(Saved data entries)
|---|
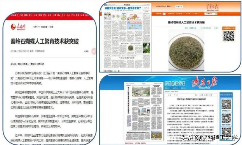秦岭石蝴蝶(Petrocosmea qinlingensis W. T. Wang),由我国著名植物分类学家王文采院士在1981年发现并命名,属秦岭地区特有的国家Ⅱ级重点保护和极小种群野生植物,已被列为极危。目前已知自然分布个体数量稀少,仅1000余株。从2017年开始,在陕西省林业厅和汉中市林业局持续资助下,我校研究人员联合汉中市野生动植物保护管理站和略阳县苗圃积极开展秦岭石蝴蝶的野外调查、人工繁育与驯化、迁地保护和濒危机制研究,取得了阶段性的成果,为后期拯救濒危物种和保护生态多样性奠定了基础。2019年秦岭石蝴蝶人工繁育技术获突破并形成人工种群1万株的规模,引起了媒体的关注,先后被《陕西日报》和《中青在线》专题报道,后经人民网、新华社、中国新闻网等主流媒体大量转载。在2021年5月23日,陕西卫视和陕西电视台对秦岭石蝴蝶保护研究取得的成果进行了专题报道,受到了社会各界的广泛关注。
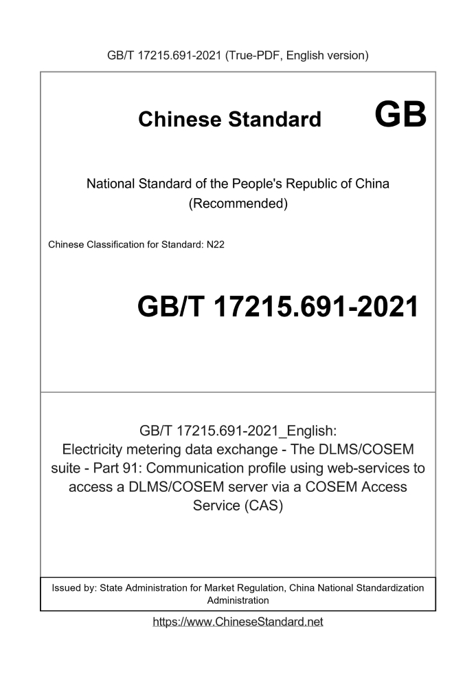 Delivery: <= 8 days. True-PDF full-copy in English will be manually translated and delivered via email. GB/T 17215.691-2021: Electricity metering data exchange - The DLMS/COSEM suite - Part 91: Communication profile using web-services to access a DLMS/COSEM server via a COSEM Access Service (CAS) Status: Valid
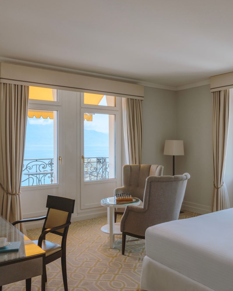 The Junior Lake View Suite is a luxurious open-concept room with an elegant design, where you can admire the amazing view on Lake Geneva and the Alps from the large balcony, offering a King or Twin bed, a sofa bed, and luxury amenities.
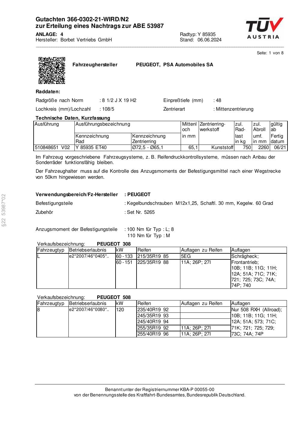 Dieses Gutachten (abe) bezieht sich auf die Alufelge Borbet Y 85935 in der Ausführung 2Jx19 ET 0, Mittenloch 0 mm (KBA 53987). Im PDF findest du typischerweise zulässige Reifengrößen, Auflagen/Anbauhinweise und – je nach Dokument – Hinweise zur Eintragung.
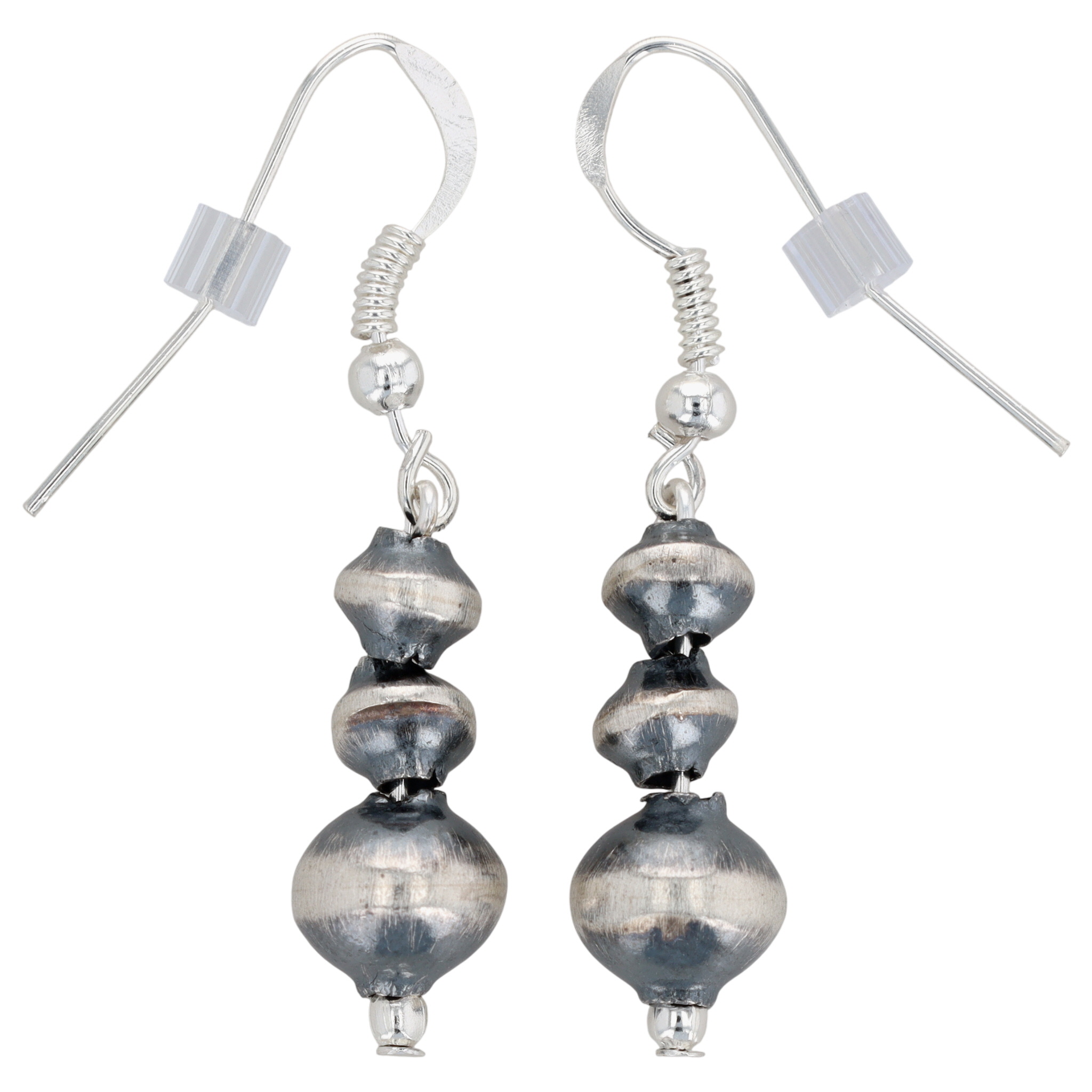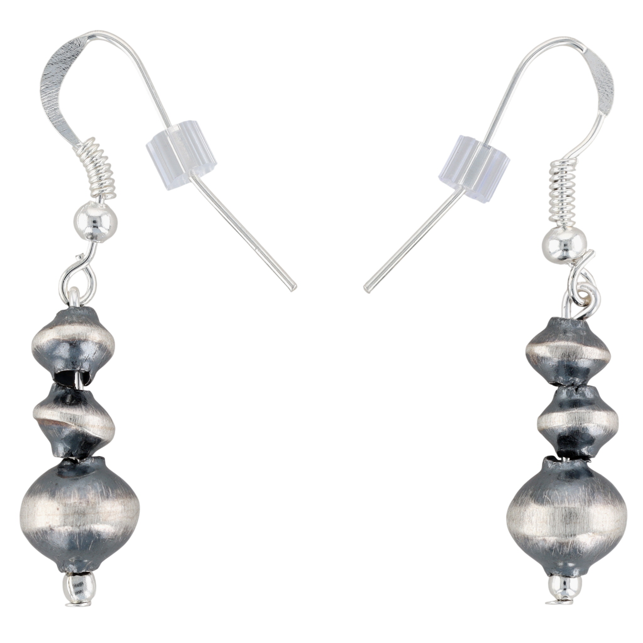 Treva Jim Navajo Plain Sterling Silver Bead Hook Earrings 3g
|---|
What needs to be done — Where the line containing "The Junior Lake" appears, begin copying there and continue exactly through the final line of the records; both end lines belong in the copy, pictures do not.

The answer —
 The Junior Lake View Suite is a luxurious open-concept room with an elegant design, where you can admire the amazing view on Lake Geneva and the Alps from the large balcony, offering a King or Twin bed, a sofa bed, and luxury amenities.
 Dieses Gutachten (abe) bezieht sich auf die Alufelge Borbet Y 85935 in der Ausführung 2Jx19 ET 0, Mittenloch 0 mm (KBA 53987). Im PDF findest du typischerweise zulässige Reifengrößen, Auflagen/Anbauhinweise und – je nach Dokument – Hinweise zur Eintragung.
 Treva Jim Navajo Plain Sterling Silver Bead Hook Earrings 3g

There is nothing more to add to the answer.